I, of course, in Delphi is not strong, but these are the basics! Want to achieve a result - memorize the basics. The syntax of the language is not so important. The point is this: it is impossible to predict in advance what the user will enter. He can create a string with just one word. And maybe four to try to dial. A string is, in any case, an array of characters. Consider the concept of "word" in the context of the compiler: the word is a sequence of characters, separated by spaces. It is us, people, who take words as something meaningful, which allows us to express our thoughts. However, for computer technology it is not. I will give an example: рпавол вфушщо мтвлопопра . If you take roughly - it is a line of three words and it does not matter that they do not make sense.

Well, here we have an understanding of the essence of the problem. We make two counters: one to determine the continuous sequence of characters (the length of the word differently), the other to memorize the number of the longest word. That's all. We take an array of these characters (the string entered by the user) and loop. Count the number of characters other than a space, meet a space - save the number in an array variable that stores word lengths, etc. At the output, we obtain an array in which the lengths of the words are located, of which we must find the maximum and display it on the screen. Well, with the conclusion of the number of the longest word, I think, there will be no problems.

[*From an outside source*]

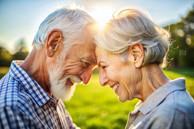 Любящая старшая пара, прикасающаяся к лбу и улыбаясь, близкий портрет пожилых партнеров, разделяющих нежный момент

Here is the solution to this problem using OOP:

 program Project3; {$APPTYPE CONSOLE} uses Classes; type TLst = class(TStringList) function CompareStrings(const a,b: string): integer; override; end; function TLst.CompareStrings; begin Result := Length(a)-Length(b); if Result = 0 then Result := inherited CompareStrings(a,b) end; var s : string; begin with TLst.Create do try Sorted := true; repeat ReadLn(s); DelimitedText := s; if Count > 0 then WriteLn('<',Strings[0],'>') until s = '' finally Free end end. 

Moreover, an arbitrary number of lines is processed (in the loop repeat ReadLn (s) until the empty line is entered - until s = ''). Thus, the main body of the Repeat loop consists of only two operators:

 DelimitedText := s; // - очередную строку разбить на слова и отсортировать WriteLn(Strings[0]); // - верхний элемент получившегося списка и есть ответ 

Where the leading statement is if if Count> 0 then ... is "protection" from an empty list.

The fact that the split list of words will be sortable is determined by assigning the Sorted: = true property, and the correct sorting for our task is established by redefining the CompareStrings function (in accordance with the spirit and the OOP letter) in the heir of TStringList , which we used as the basis:

"... A robe is the same, but the buttons are nacreous ..." (c) c / f The diamond hand.

It should be noted that the sorting set here is used even more sophisticated than indicated in the original task, since it does not indicate what to do if the initial line contains several words with a minimum length - who should I choose? Therefore, there is a sorting according to a double feature: each comparison goes first along the length of the words, and then, with an equal length, alphabetically, i.e. traditional lexicographical order is used (due to the use of inherited ... ).

If desired, if it is necessary to distinguish between upper and lower case letters (by default, they do not differ here), simply assign the corresponding value to the CaseSensitive property.

I would especially like to note that here an anonymous list is used (developed by us when inheriting TStringList - TLst ) without using a variable of this type in the var section and therefore (using the with operator) all statements inside a protected try-finally-end block are short and descriptive , and the program itself is understandable, transparent and easily modified.